Seafarers, particularly those completing long contracts on international trading ships, are required to spend extended periods away from adequate medical supervision. Statutory authority and company medical policies should ensure that seamen suffering from chronic medical conditions are identified and adequately monitored.
Working unsupervised
The electrician was probably alive for some time after he fell; however, he was not discovered in time to save his life.
The fact that he was missing for approximately three hours without notice is of concern.
It is the responsibility of all crew to ensure that those working alone have their whereabouts and well being regularly monitored.
Electrical isolation
The ship's SMS contained procedures for carrying out work on electrical equipment. These procedures required completion of an electrical work permit (check list), electrical isolation, and, where electrical isolation was not possible, allowed work on live circuits where 'adequate precautions' were taken.

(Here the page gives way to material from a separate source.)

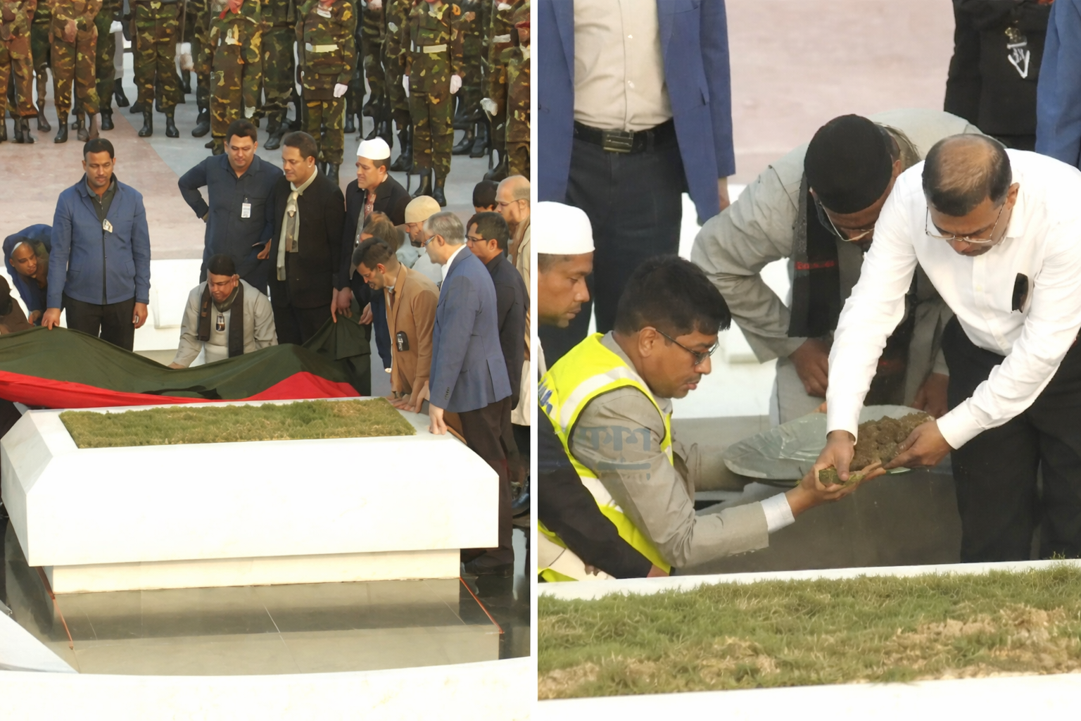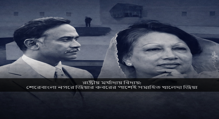 বাংলাদেশের তিনবারের সাবেক প্রধানমন্ত্রী এবং বিএনপির চেয়ারপারসন বেগম খালেদা জিয়াকে পূর্ণ রাষ্ট্রীয় মর্যাদায় তাঁর স্বামী, সাবেক রাষ্ট্রপতি জিয়াউর রহমানের কবরের পাশে সমাহিত করা হয়েছে। বুধবার (৩১ ডিসেম্বর) বিকেল সাড়ে ৪টায় রাজধানীর শেরেবাংলা নগরে সেনাবাহিনীর সুসজ্জিত একটি দলের ‘গার্ড অব অনার’ প্রদানের মাধ্যমে তাঁর দাফন সম্পন্ন হয়। পরিবারের সদস্য, দলীয় নেতা-কর্মী এবং তিন বাহিনীর প্রধানদের উপস্থিতিতে এক শোকাতুর পরিবেশে চিরনিদ্রায় শায়িত হলেন দেশনেত্রী হিসেবে পরিচিত এই নেত্রী।
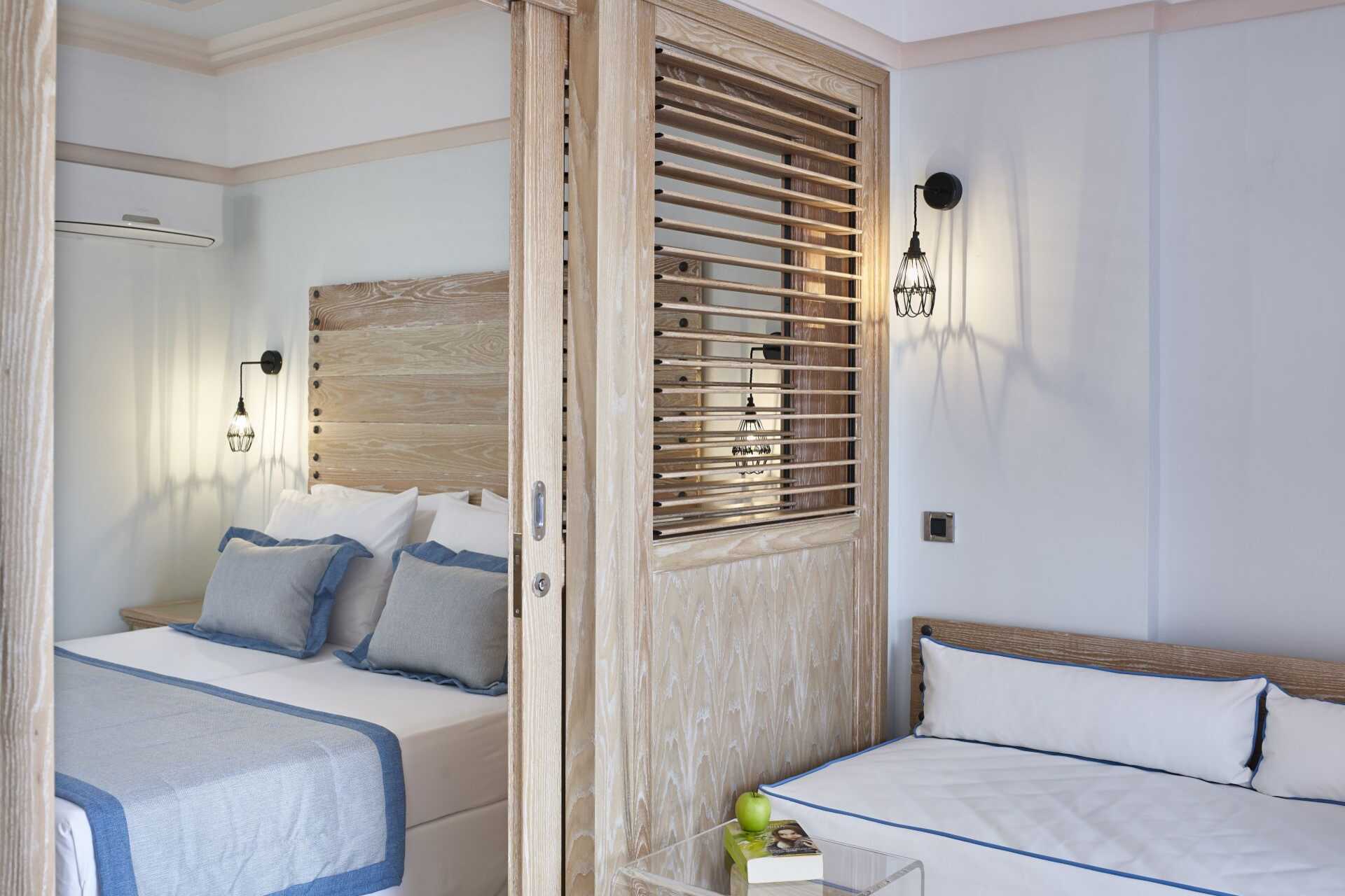 Familjerum med uteplats och utgång till en delad pool. Stege ner i poolen. Familjerummet består av ett sovrum och en vardagsrumsdel med skjutdörrar mellan delarna. En dubbelsäng eller två enkelsängar. Möjlighet till extrabäddar i två enkelsängar/bäddsoffor. Wifi, luftkonditionering och deponering ingår. Minibar - vatten, läsk och öl ingår och fylls på varannan dag. Vattenkokare samt kaffe och te. Tv med internationella kanaler. Badrockar och tofflor. Hårtork. Badrum med badkar och wc. Städning 7 ggr/vecka. Barn under två år räknas in i maxantalet personer i rummet.

The permit system was in use on board Probo Panda for complex jobs; however, it was evident that the system was not used when undertaking what were described as 'simple' tasks. The procedures and associated check list did not differentiate between simple and complex tasks.
It is possible that a qualified and experienced electrician would not see the need to complete an electrical work permit for a task such as repairing a light fitting. The ship's procedures, however, did not allow him to make such a judgment. Not withstanding this, it is fair to expect that the electrician should have isolated and tagged the power supply prior to commencing work on the light fitting.
There were no alarms recorded during the day that may have indicated an earth on the 220 volt electrical system. Such an alarm may have prompted the duty engineer to investigate what caused it and possibly led to an earlier discovery of the electrician.
When inspected, the earth leakage detector was not operable as the fuses had been removed. The ship's staff were not aware that these fuses had been removed and indicated that the alarm had recently been working.
While the fuses were not found with the electrician, he may have removed them to prevent nuisance alarms from interrupting the duty engineer while the light fittings were being repaired.
Rendering safety monitoring devices such as earth leakage detectors inoperative should be avoided wherever possible.